Advanced Computing and Communication Techniques for High Performance Applications |
Foundation of Computer Science USA |
ICACCTHPA2014 - Number 5 |
February 2015 |
Authors: B.arputhamary, L.arockiam |
da2260a5-c30a-4b71-9331-de92311e8207 |
B.arputhamary, L.arockiam . A Review on Big Data Integration. Advanced Computing and Communication Techniques for High Performance Applications. ICACCTHPA2014, 5 (February 2015), 21-26.
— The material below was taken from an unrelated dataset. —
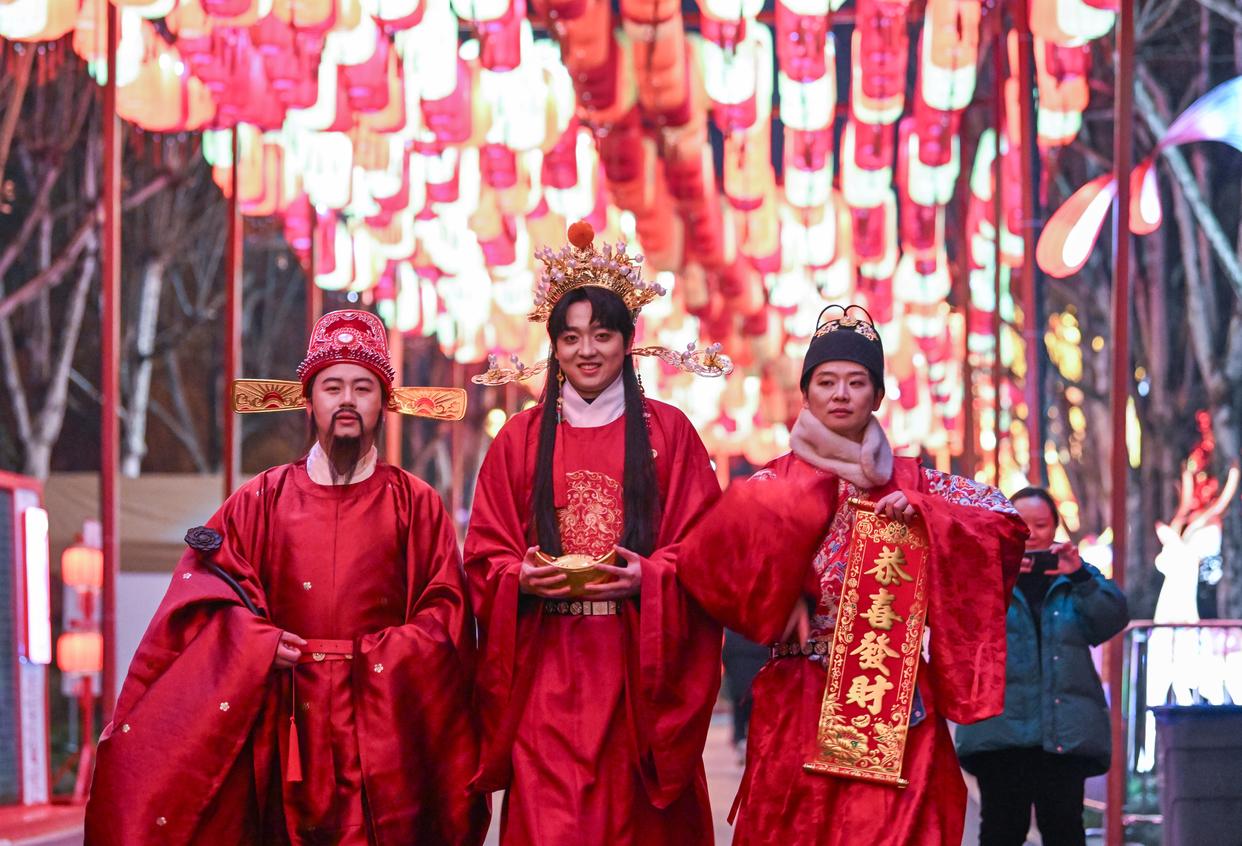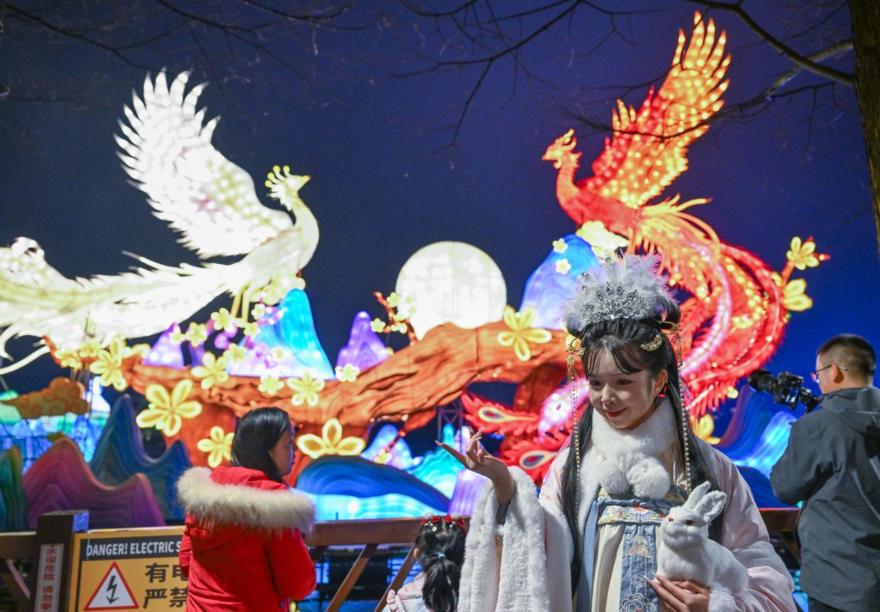1月30日,重庆市园博园水上灯会现场,景区工作人员(前右)在现场与游客互动。新华社记者 陈诚 摄
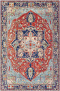 Vosges Traditional Bright Red Area Rug is a vibrant collaboration of tangerine and navy colors. Influenced by the Moroccan interior design, this brilliant atmosphere is the utter refinement your home deserves. Decorating with culture and richness is now affordable and easy to access with Mark & Day.

Big Data technologies are becoming a current talk and a new "buzz-word" both in science and in industry. Today data have grown from terabytes to petabytes and now it is in zeta bytes. Increased amount of information increases the challenges in managing and manipulating data. Data integration is a main issue in large data sets which is managed by Extract, Transform and Load (ETL) tools such as Data Warehouses. Data Warehouse is the process of transforming all multiple data formats into a single format and consolidating them in one place. Now days, data generated from social networks, web server logs, sensors used to gather climate information, stock market data, e-mails, transaction records, web click streams, etc. Most of these data are in unstructured or semi structured forms. Today organizations' are trying to find new solutions such as ETLs to manage the situation. The existing data warehousing tools and techniques were inefficient to handle unstructured and semi structured data. This paper presents the issues and challenges of data integration in Big Data environment and techniques for big data integration. A new ETL framework is proposed open problems for future research of data integration are identified in big data environment.